◆ **TASK ITEM**: What you return must be the full listing, word for word, with no images in it.

◆ **DATA BELOW**:

-*-

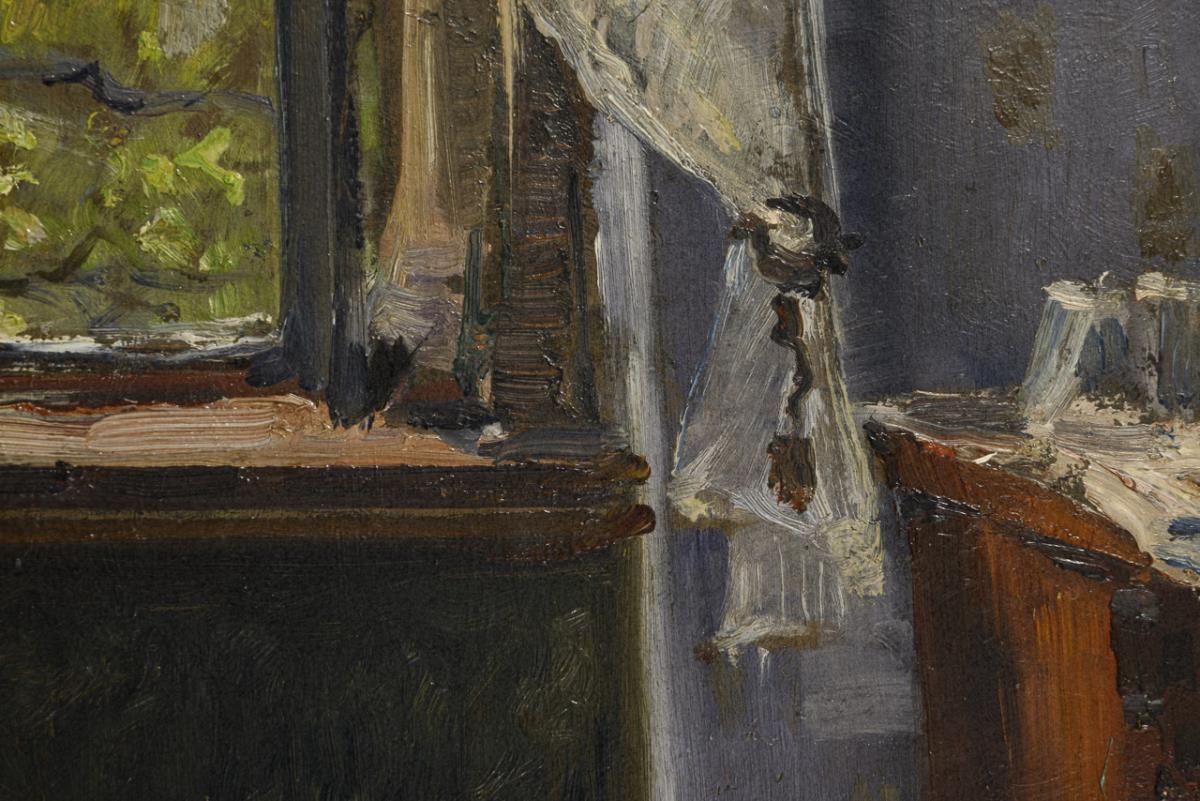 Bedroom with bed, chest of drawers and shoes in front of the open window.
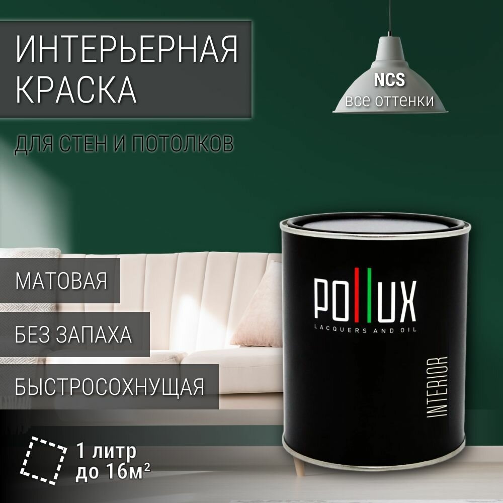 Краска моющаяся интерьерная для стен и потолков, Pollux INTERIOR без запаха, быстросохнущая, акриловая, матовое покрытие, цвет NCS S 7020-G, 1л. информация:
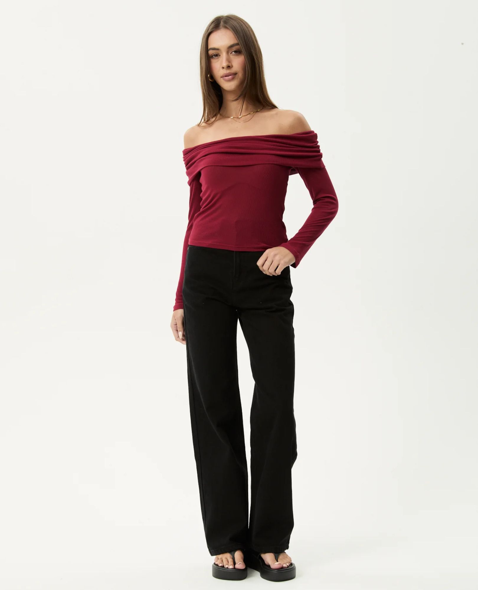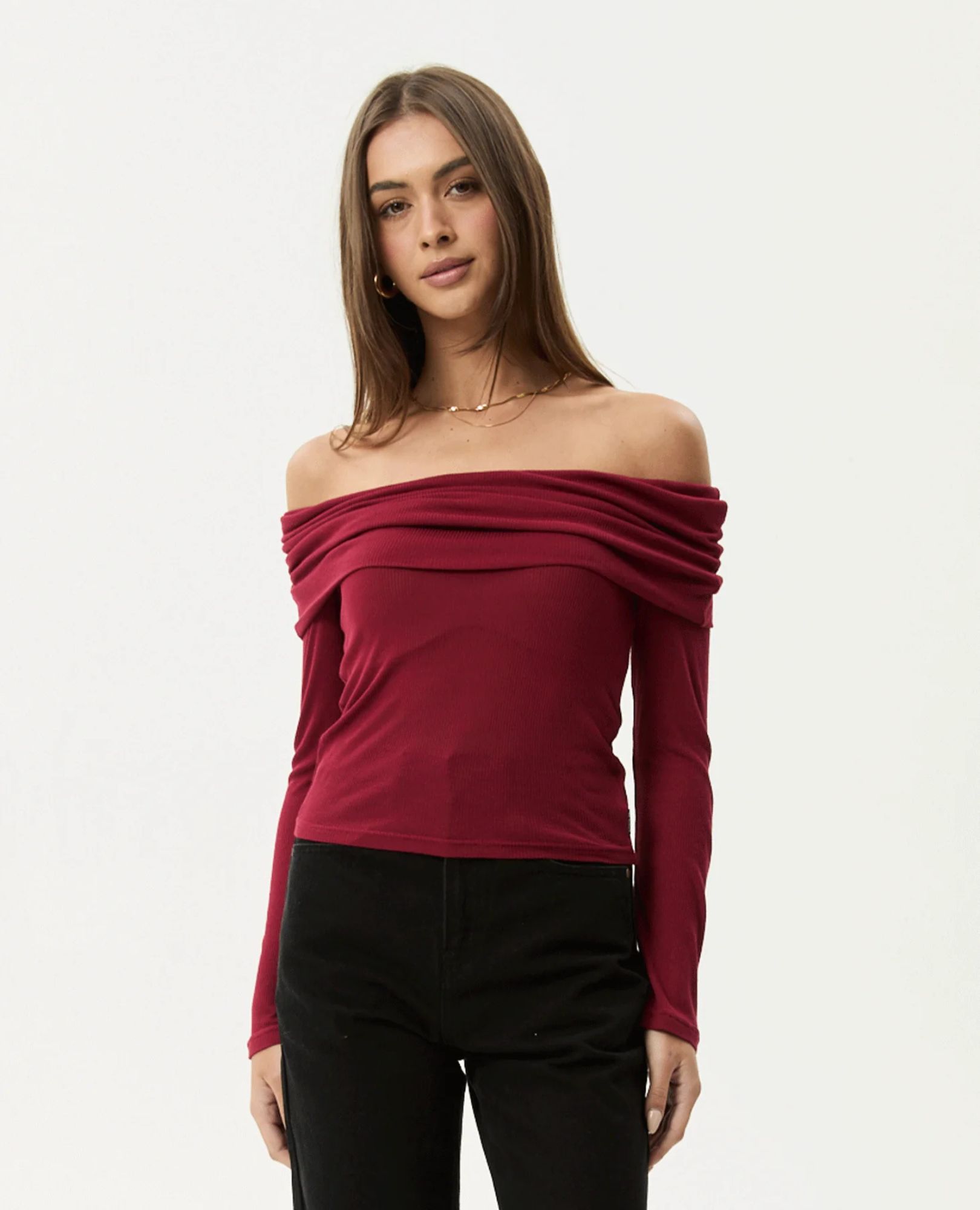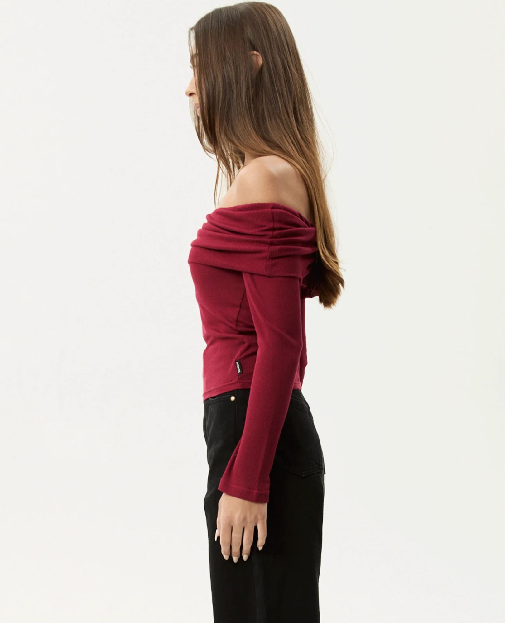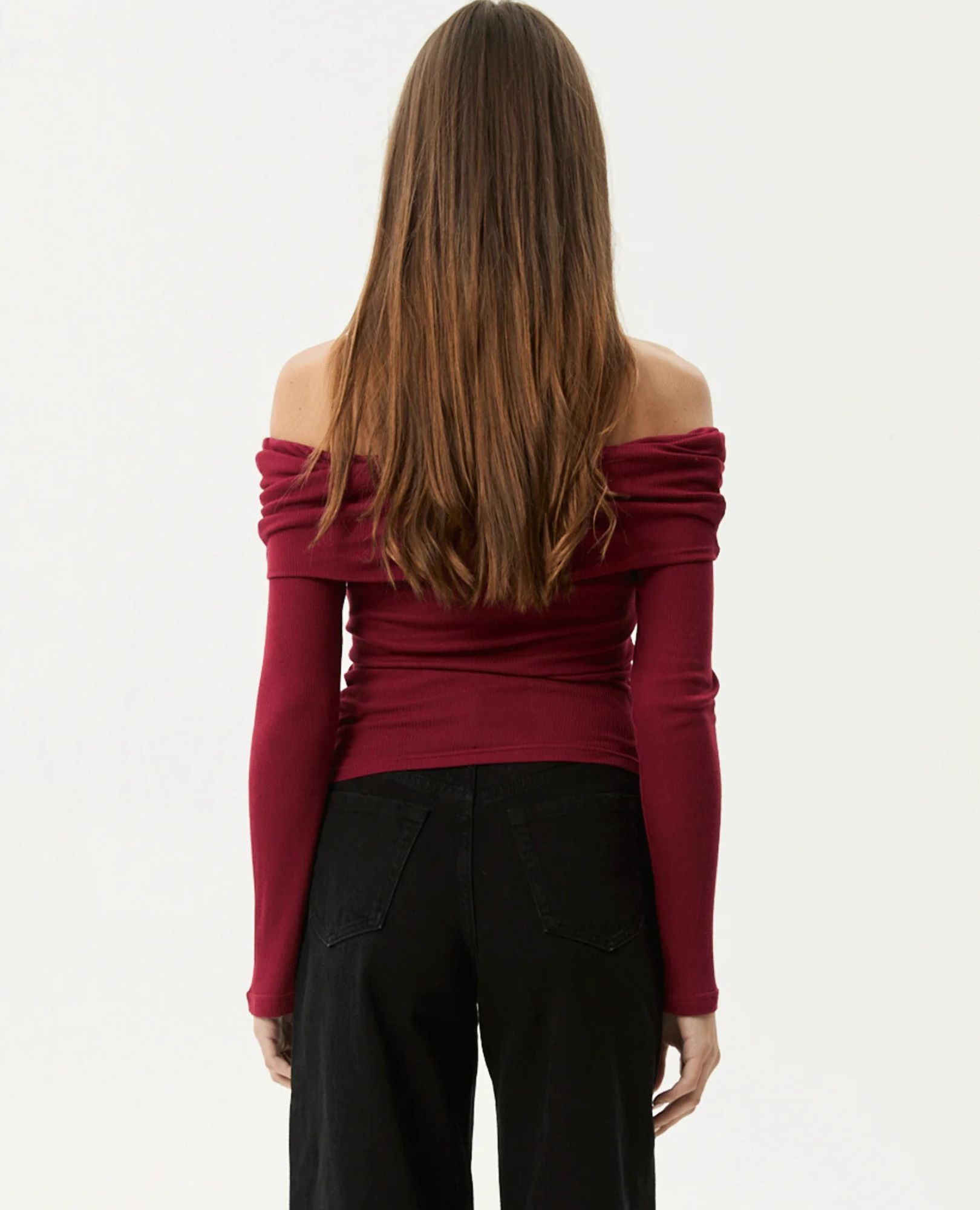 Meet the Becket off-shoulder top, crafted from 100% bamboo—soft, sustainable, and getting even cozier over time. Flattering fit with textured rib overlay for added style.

-*-

◆ **ANSWER SECTION**:
 Bedroom with bed, chest of drawers and shoes in front of the open window.
 Краска моющаяся интерьерная для стен и потолков, Pollux INTERIOR без запаха, быстросохнущая, акриловая, матовое покрытие, цвет NCS S 7020-G, 1л. информация:
 Meet the Becket off-shoulder top, crafted from 100% bamboo—soft, sustainable, and getting even cozier over time. Flattering fit with textured rib overlay for added style.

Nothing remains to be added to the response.